Der Begriff "Brownout" steht in Deutschland bisher kaum im öffentlichen Bewusstsein. Er beschreibt das kurzzeitige Abschalten einzelner Netzabschnitte, um eine Überlastung des Gesamtsystems zu verhindern. Im Gegensatz zu einem flächendeckenden Blackout würde ein Brownout nur ausgewählte Regionen betreffen – und das nur für wenige Minuten bis Stunden. Für private Haushalte könnte das bedeuten, dass Licht, Heizung oder Küchengeräte plötzlich ausfallen, ohne dass ein großer Stromausfall angekündigt wurde.

Meyerjürgens betont, dass ein solcher Eingriff bislang in Deutschland nicht praktiziert wurde. Er sei daher ein Zeichen dafür, dass das Netz an seine physischen Grenzen stößt. Die Ursache liege nicht in einem Mangel an Energieerzeugung, sondern in einer unausgeglichenen Infrastruktur: Die Installation von Wind‑ und Solarkraftwerken hat in den letzten Jahren ein Tempo erreicht, das die Fertigstellung neuer Höchstspannungsleitungen hinter sich lässt.
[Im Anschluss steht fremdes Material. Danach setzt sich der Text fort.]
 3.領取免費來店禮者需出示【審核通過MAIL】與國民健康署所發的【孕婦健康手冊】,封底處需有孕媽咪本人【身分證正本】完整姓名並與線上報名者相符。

Regionale Engpässe und der Einfluss des Wetters

Besonders betroffen sind Gebiete, in denen in den vergangenen Jahren eine Flut von Solaranlagen entstanden ist. Südostbayern wird von Meyerjürgens als Paradebeispiel genannt. Dort kann bei starkem Sonnenschein ein plötzlicher Stromüberschuss entstehen, der das lokale Netz überlastet, weil die Leitungen nicht in der Lage sind, die Energie schnell genug abzuleiten. Das Wetter spielt dabei eine Doppelrolle: Während wolkenreiche Tage das Risiko mindern, können unerwartet helle Tage die Situation sofort verschärfen.
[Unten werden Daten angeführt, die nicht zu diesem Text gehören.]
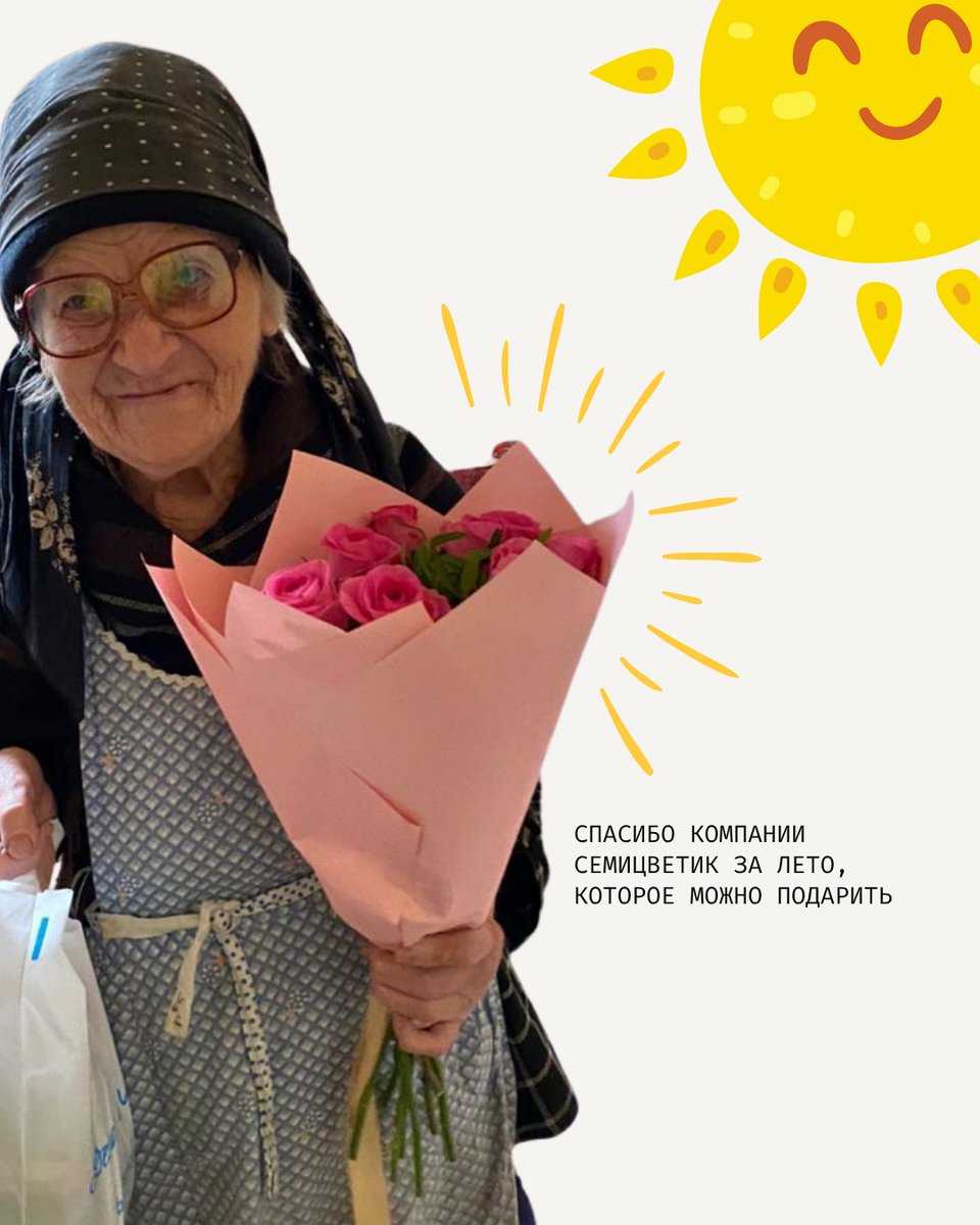 Что может быть ярче лета? Наверное, только лето в букете — когда в нём тепло, нежность и внимание. Именно такие букеты мы дарим нашим бабушкам и дедушкам вместе с нашими друзьями из компании «Семицветик». Вот уже не первый год они создают для наших подопечных настоящие цветочные чудеса — живые, тёплые, с характером. Такие, какие запоминаются и остаются в сердце. Цветы от «Семицветика» — это не просто поздравление с днём рождения. Это момент радости, ощущение красоты, прикосновение к празднику. Они будто говорят: «Ты важен». «Ты не один». «Ты достоин любви». Иногда один букет может стать началом разговора, поводом для воспоминаний, а иногда — просто моментом тишины и счастья. Благодаря «Семицветику» в жизни наших подопечных становится чуть больше света и смысла. Спасибо за вашу доброту, вкус, неизменную поддержку. Вы — как солнечный луч, который приходит вовремя.

Für die bevorstehenden Osterfeiertage sieht Meyerjürgens Glück im Himmel. Wetterprognosen sprechen von moderaten Sonnenstunden und damit von einem geringeren Risiko für kritische Netzlasten. Trotzdem bleibt die Gefahr bestehen, dass unvorhergesehene Wetterumschwünge das Gleichgewicht stören und ein Brownout unvermeidlich machen.

Der Experte warnt, dass solche Engpässe nicht über Nacht verschwinden werden. Der Ausbau von Leitungsnetzen erfordert lange Planungs- und Genehmigungsverfahren, sodass die kritische Phase voraussichtlich noch zwei bis drei Jahre andauern wird, bis die notwendige Infrastruktur fertig ist. In dieser Übergangszeit müsse TenneT wachsam bleiben und bereit sein, im Notfall kurzfristige Abschaltungen vorzunehmen, um die Stabilität des gesamten deutschen Stromsystems zu sichern.